Aleksandr Owieczkin strzelił dwa gole w meczu Washington Capitals z Chicago Blackhawk, zaliczając odpowiednio 893. i 894. trafienia, czym wyrównał rekord Wayne'a Gretzky'ego w liczbie bramek w sezonie zasadniczym NHL.
39-letni Rosjanin potrzebował 1486 meczów sezonu zasadniczego, aby osiągnąć pułap 894 bramek.
Gretzky musiał rozegrać jeden mecz więcej, aby osiągnąć ten wynik – 1487.
Pierwszą bramkę meczu Owieczkin zdobył w czwartej minucie pierwszej tercji. Według biura prasowego NHL, była to 242. bramka zdobyta przez rosyjskiego hokeistę w pierwszych tercjach rozgrywek NHL. Tym samym Aleksandr wyprzedził Gretzky'ego (241), ustanawiając nowy rekord w tej kategorii.

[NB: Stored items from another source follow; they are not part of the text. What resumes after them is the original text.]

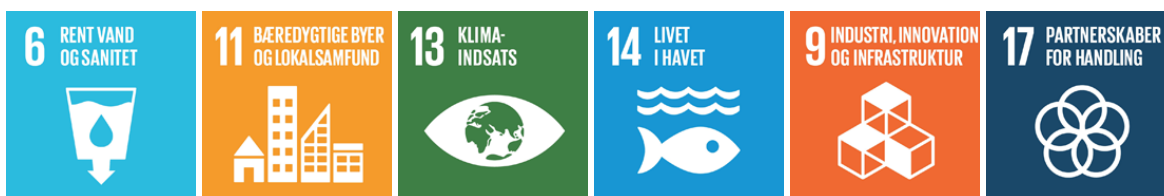
Figur 1: De seks verdensmål

Vi er forpligtede over for vores kunder, vores ejerkommuner og vores samarbejdspartnere. Med afsæt i Novafos strategi, har vi udpeget seks verdensmål og seks indsætter – tre kerneindsatser og tre særlige indsætter.
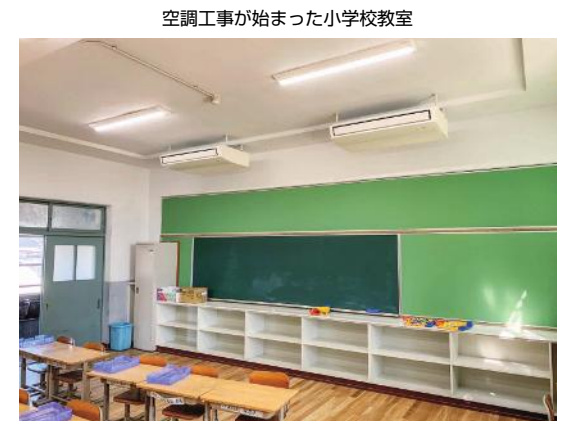
空調工事が始まった小学校教室

民の創意工夫と合意により都市公園を有効活用しようとする考え方が示されている。そこで、宝持西住宅跡地を暫定活用する方策として、地域住民が自らの意思を反映させて利用できる都市公園とすることは如何か。 建設局長 宝持西住宅跡地は財源確保に向けた活用を基本としているが、地域にふさわしい活用の可能性を市全体で検討していく。 ―小学校空調設備整備のスケジュールについて― 問 教育委員会は、昨年の十二月定例会にて小学校空調設備整備事業について、「スケジュールの前倒しな
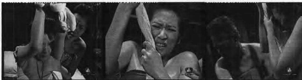
ภาพที่ 7.14 แสดงการคลอคลุกโดยหมอต้าแย
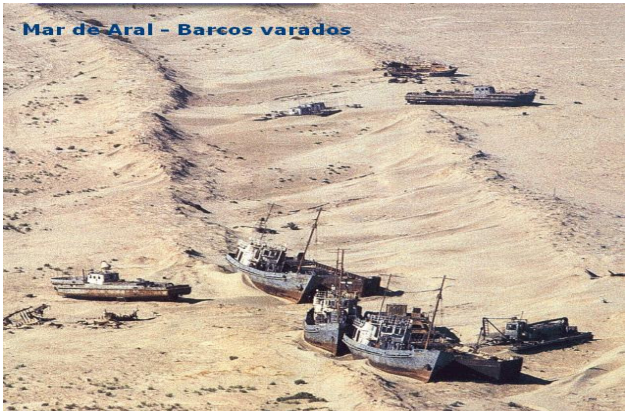
Mar de Aral
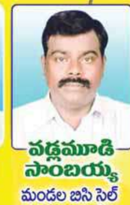
వడ్లమాడి సాంబయ్య మండల జనీ సెల్ అధ్యక్షులు, ఇంకొల్లు

బహిరంగ సభ : తేదీ : 17-02-2024 మధ్యాహ్నం 1.30 గం||లకు పర్చూరు నియోజకవర్గం, ఇంకొల్లు గ్రామంలోని పావులూరి ఆంజనేయస్వామి గుడి రోడ్డులోని తారకరామ విజయభేరి ప్రాంగణం, టి.టి.డి. కళ్యాణమండపం దగ్గర, జరుగును.
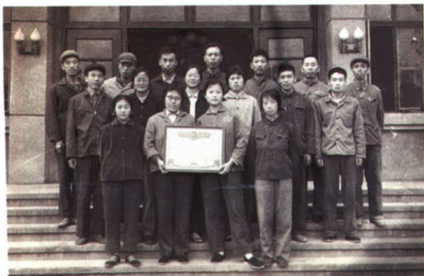
宝鸡石油机械厂金属材料试验研究组 (检验科一班) 集体合影 (1979年)
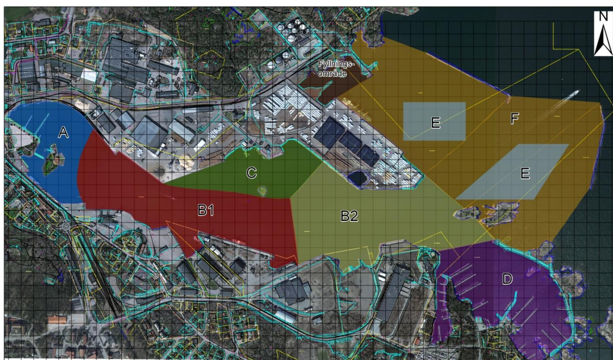
Figur 1. Indelning av hamnbassängen i sju delområden

En stor mängd sedimentprover har uttagits från Oskarshamns hamnbassäng. Med underlag av resultaten av dessa samt framtida användning av hamnen har hamnen delats in i 7 delområden, se figur 1 . Baserat på analysresultaten från provtagningarna har aritmetiska föroreningshalter i sedimenten för respektive delområde beräknats för 11 ämnen (As, Cd, Cu, Fe, Hg, Pb, Zn, Ni, dioxiner, PCB och TBT). Utifrån medelvärdena beräknas därefter de teoretiska totalhalterna i ytvattnet vid muddring som funktion av halten suspenderande ämnen i vattnet vid respektive delområde, se figur 2 för exempel.

Historyczne osiągnięcie stało się dziełem „Oviego” w szóstej minucie trzeciej tercji, gdy jego zespół grał w liczebnej przewadze - strzałem z ostrego kątem pod poprzeczkę nie dał szans Spencerowi Knightowi w bramce "Czarnych Jastrzębi".
Kapitan Caps wyjaśnił, dlaczego pod koniec meczu nie pojawił się na lodzie. Chicago ściągnęło bramkarza, licząc na wyrównanie. Owieczkin powiedział trenerowi drużyny Spencerowi Carbery'emu, że nie chce pobić rekordu Gretzky'ego strzelając gola do pustej bramki. Ostatecznie bramkę zdobył debiutant z Waszyngtonu, Ryan Leonard.
– Powiedziałem mu, że nie chcę strzelić gola do pustej bramki
– podkreślił Owieczkin na pomeczowej konferencji.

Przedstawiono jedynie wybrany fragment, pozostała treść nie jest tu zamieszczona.